KQED-FM (88.5 MHz) is a NPR-member radio station in San Francisco, California. Its parent organization is KQED Inc., which also owns its television partners, both of which are PBS member outlets: KQED (channel 9) and KQEH (channel 54). Studio operations for all three are located on Mariposa Street in the Mission District of San Francisco, while its transmitter is located atop San Bruno Mountain.

History

KXKX
The San Francisco Theological Seminary, a Presbyterian group, began broadcasting with station KXKX in April 1963. The new 110,000-watt station signed on two years after the seminary received a construction permit in August 1961. In addition to Christian programming, the station's subcarrier broadcast theology courses to receivers at 44 Bay Area churches.

When agencies of the Presbyterian Church (USA) could no longer support the station, KXKX signed off at midnight on the evening of June 29, 1967.

KQED-FM
In July 1968, the San Francisco Theological Seminary filed to sell KXKX to the Bay Area Educational Television Association, owner of KQED (channel 9). The station returned to the air as KQED-FM in mid-1969, originally using the studios at 286 Divisadero Street inherited from the seminary. The founding manager was Bernard Mayes, who later went on to be executive vice president of KQED television and also co-founder and chairman of NPR. The first programming of KQED-FM included news, 'street radio' broadcast live from local street corners, drama and music. In its third year on the air, KQED-FM became one of the first 80 NPR affiliates—five of which were in California—to air the first edition of All Things Considered. Later, due to reduced funding, Mayes opened the air to 'Tribal Radio' - productions by local non-profit groups, some in their own languages.

Current programming
Today, KQED-FM is one of the most-listened to public radio stations in the United States, and ranks first in the San Francisco market as of July 2018. In addition to local programming, KQED-FM carries content from major public radio distributors such as National Public Radio, Public Radio Exchange, BBC World Service, and American Public Media. Among the locally produced shows are Forum with Mina Kim and Alexis Madrigal, The California Report, and Perspectives. Tech Nation is produced at KQED studios.
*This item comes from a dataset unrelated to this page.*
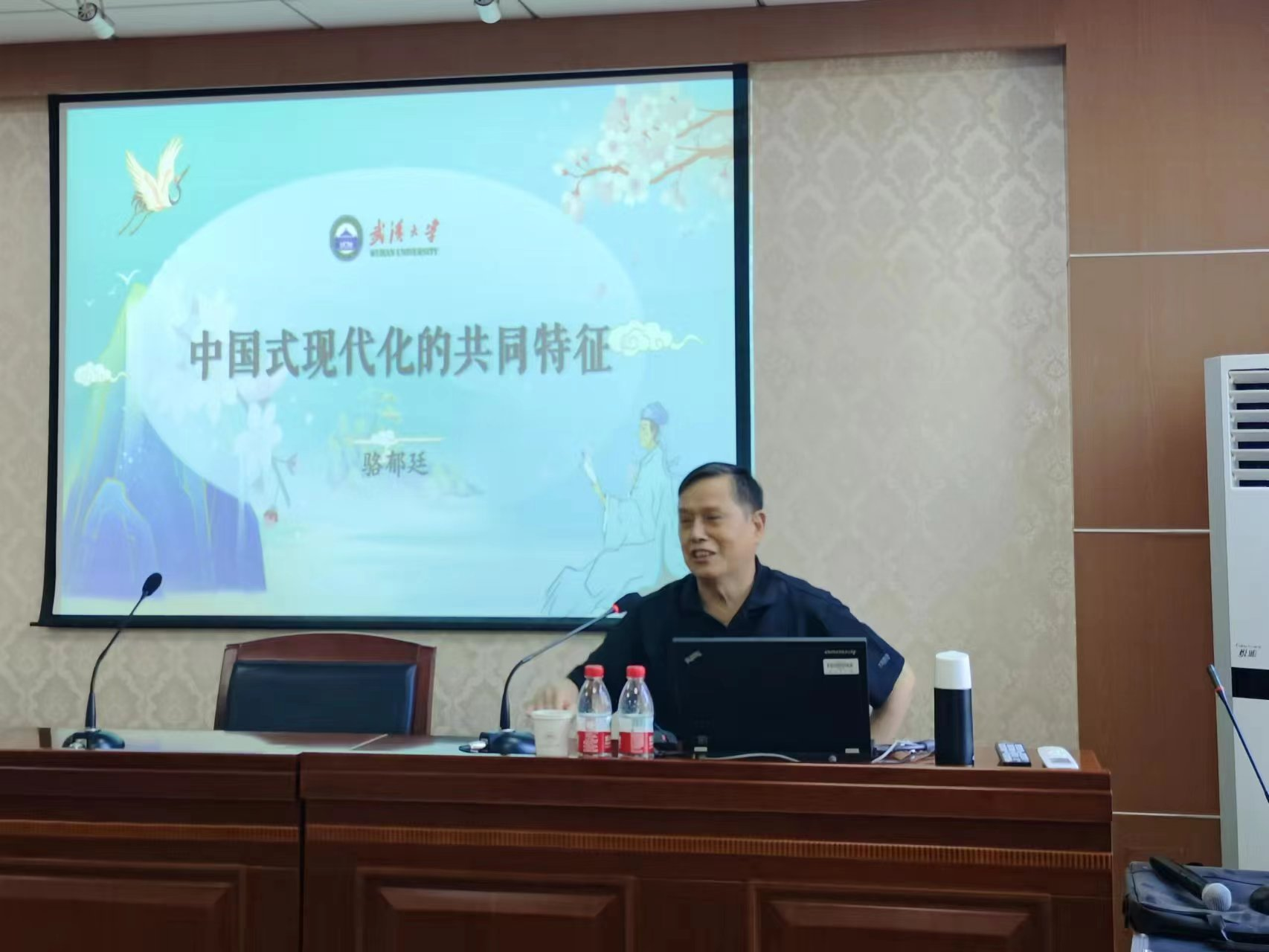 讲座伊始,骆郁廷教授开门见山地指出,中国式现代化是现代化的共同特征和中国特色的有机统一。只有现代化的共同特征,没有中国特色,或者只有中国特色,没有现代化的共同特征,都不是中国式现代化。只有从共同特征和中国特色的统一高度上深刻把握中国式现代化,才能全面深入地推进中国式现代化,实现中华民族的伟大复兴。

In addition to over-the-air broadcasts, KQED-FM audio is carried on Comcast digital cable channel 960 and is webcast with live streaming audio around the clock. The station's live stream is also available through its mobile app. Forum is carried live, nationwide, on Sirius Satellite Radio. KQED also offers an extensive audio archive and podcasts of previous shows for download.

One of the most famous programs to have been broadcast on KQED was An Hour with Pink Floyd, a 60-minute performance by Pink Floyd recorded in 1970 without an audience at the station's studio. The program was broadcast only twice—once in 1970, and once again in 1981. The setlist included "Atom Heart Mother", "Cymbaline", "Grantchester Meadows", "Green Is the Colour", "Careful with That Axe, Eugene", and "Set the Controls for the Heart of the Sun".

Expansion into Sacramento
In 2003, KQED Radio expanded to the Sacramento area by purchasing KEBR-FM at 89.3 in North Highlands from Family Radio, a religious broadcaster based in Oakland.  The call letters were changed to KQEI, and it became a full-time satellite of KQED Radio.

Ransomware attack
In July 2017, The San Francisco Chronicle reported that the radio station was the victim of a massive ransomware attack which began on June 15, 2017. More than a month later, many critical systems were still offline and during the attack email was down, hard drives were locked, and prerecorded programs were lost.

Additional frequencies
In addition to the main station, KQED-FM is relayed by these stations and translators to widen its broadcast area.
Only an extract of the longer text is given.